Magic: The Gathering and Dungeons & Dragons go together like peanut butter and jelly. Their sets and editions have influenced each other over the years at different wings of Wizards of the Coast. Commander Legends: Battle for Baldur’s Gate gives the MTG player a chance to play with some of the most famous characters — and monsters — from the rich Forgotten Realms setting.
The best art in this set marries the fantasy storytelling of D&D with flavorful MTG card designs. Baldur’s Gate is the major port metropolis on the legendary Sword Coast, where all kinds of heroes and villains marshal their energies in high-flying conflicts. Dungeons, dragons, wizards, witches — they’re all gathered here for a singular purpose: adventure!
10/10 Sharpshooter Elf
Sharpshooter Elf tells an elegant story within its art frame. The form of a dragon flying overhead is reflected in the pond behind Elf Ranger. From the shadows below the treeline, she aims at the great mark.
In order to fulfill the promised shot of this Elf sniper upon your table’s sky tyrant, you just need to build an Elf deck populated with many helpers to herald her aim. The Elf Ranger is a classic D&D archetype and is a perfect starter character for anyone new to the tabletop role-playing game.
9/10 Astral Confrontation
In the world of D&D, just like MTG, nearly anything is possible with the power of… magic. Astral Projection, a powerful mystical feat that can be achieved only by the most powerful mages, is similar to Luke Skywalker’s old man in The Last Jedi.
Astral Confrontation allows a planeswalker to exile an opponent to oblivion for five mana or less. Ben Hill created the art. It shows an astral caster fighting an evil mind flayer with tentacles.
8/10 Oceanus Dragon
The dragon is the king in fantasy settings. The dragon, a gigantic, winged, powerful, and full of teeth, is the mythical tyrannical monster at end of the dungeon. They must be defeated in order to save the people and prove their worth.
Oceanus Dragon may not be as strong as the Ancient archetypes elsewhere in Battle for Baldur’s Gate, but she’s got a cosmic ocean spiraling around her. This amphibious planar Dragon is capable of controlling the extraplanar ocean and possessing lightning breath. Kari Christensen’s painting showcases one emerging from somewhere out of time and space, tapping and goading an opponent’s creature.
7/10 Ghastly Death Tyrant
The one thing no D&D player (save for the Dungeon Master) wants to see: a beholder. Beholders are a master villain in D&D, and can shoot off a variety debuffing beams at everyone at once.
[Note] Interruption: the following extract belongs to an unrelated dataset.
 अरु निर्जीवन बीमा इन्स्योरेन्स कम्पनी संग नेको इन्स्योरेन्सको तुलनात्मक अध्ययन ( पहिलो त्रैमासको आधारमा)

The Ghastly death Tyrant is the representation of the zombie beholder. It has thirteen red eyes that are ready to destroy. Peter Polach created a terrifying vision of an undead horror emerging from a cave ruin. When you cast this aberration, you get the delightful choice of “Disintegration” or “Death.”
6/10 Displacer Kitten
Displacer Beasts are a classic D&D monster, and sometimes pets for villains or more chaotic characters. They resemble black panthers — except for the six legs, the tentacles with teeth, and the fact that they always seem to be in two places at once. These cat carnivores have the magical ability to avoid attacks.
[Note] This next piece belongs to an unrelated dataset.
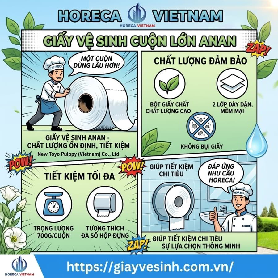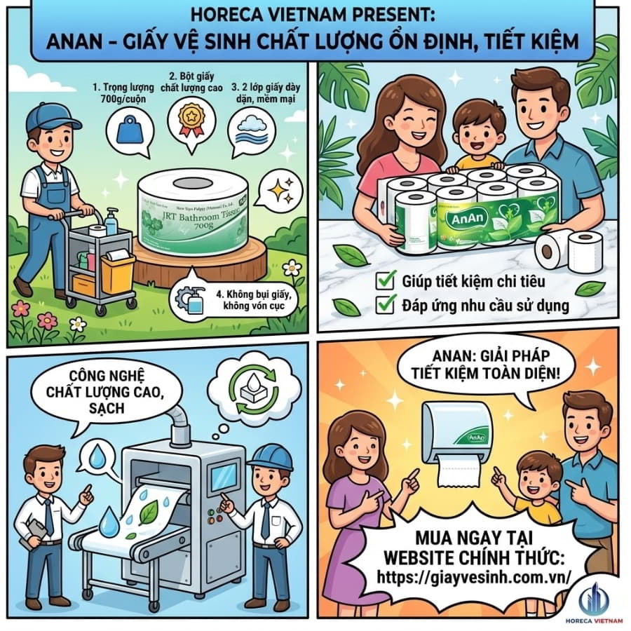 Các cơ sở kinh doanh F&B và lưu trú luôn phải cân bằng giữa trải nghiệm khách hàng và chi phí vận hành. Lựa chọn giấy vệ sinh cho nhà hàng hay giấy vệ sinh cho khách sạn ở phân khúc giá tốt giúp giảm thiểu gánh nặng chi phí hàng tháng. Để gia tăng sự chuyên nghiệp mà vẫn tiết kiệm, nhiều đơn vị đã chuyển sang sử dụng giấy vệ sinh cuộn lớn An Khang – một giải pháp nâng cấp hơn nhưng vẫn kế thừa triết lý giá trị thực dụng, cung cấp lõi giấy khít, cuộn chặt và độ bền dẻo dai phù hợp với hộp đựng chuẩn Horeca.

Displacer Kitten’s glowing green eyes pierce the planeswalker with dread or delight, depending on your perspective. The kitten iteration of the Cat Beast is an adorable keystone for all kinds of powerful “enter the battlefield” combos.
5/10 Storm King’s Thunder
Hekaton, leader of the storm giants, heralds his rulership with the hallowed words “I alone am worthy to decide where lightning strikes.” Such words are not hubris for the one with the power to back them up.
Storm King’s Thunder is a mythic instant named after the D&D module of the same name from 2016, where players can eventually defeat mighty Hekaton. Alexander Mokhov’s sublime art gives the X copying effect the colorful canvas it deserves. This spell can be used to cause the storm to strike exactly where you desire.
4/10 Owlbear Cub
Baby bears are a great pet. As adorable as they may be, eventually “Mama’s Coming.” And owlbears are a special kind of scary – the wisdom of an owl combined with the ferocity of a grizzly. They are a foe D&D parties face off against in the forests, early and often.
Owlbear Cub is a photo by Ernanda Sauza that shows a little boy who’s unhappy waiting at the base of the tree after a storm. Waiting, watching, and readying your Bird Bear for an attack to activate that call to mama bear gives you the chance to bring a smile to this cub’s long day.
3/10 You can look upon The Tarrasque
The Tarrasque is one of Dungeons & Dragon’s mightiest foes. The “Gargantuan Monstrosity” is truly a titan of world-shaking destruction. One is enough to instill terror. It attacks five times per turn and can swallow people into acid. Only those with extensive weaponry and high levels of experience will stand a chance against one.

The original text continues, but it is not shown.